Whilst at first the benefits achieved from a further a 50-60% reduction in LDL-C
from the two PCSK9-mAbs trials may seem modest, these results need to be reconciled with
the fact that the proportional reduction in risk is related to the absolute LDL-C difference and
the relative benefits in the first year of treatment are approximately half per 1mmol/L
reduction compared to latter years.

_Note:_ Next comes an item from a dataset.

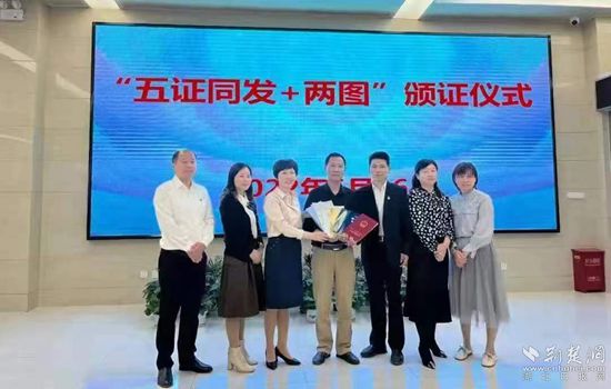 縣政務(wù)服務(wù)和大數(shù)據(jù)管理局為企業(yè)頒發(fā)“五證”。通訊員 供圖

Taking these differences into account, the relative
reductions observed overall in these trials correspond well to the predicted benefits from
CTT standardised per 1mmol/L lowering of LDL-C and duration of treatment.26 Further
analyses have helped to identify clinical characteristics associated with greater absolute risk
who derive greater absolute benefits from PCSK9-mAbs, including baseline LDL-C
>2.5mmol/L,25 diabetes,27,28 peripheral vascular disease,29 two or more myocardial
infarctions, multi-vessel disease and recent myocardial infarction.30 In the FOURIER trial
these profiles of very high risk had levels of absolute risk reduction up to 3.5% instead 1.5%
(general cohort) and NNT of 35 instead 66 (general cohort).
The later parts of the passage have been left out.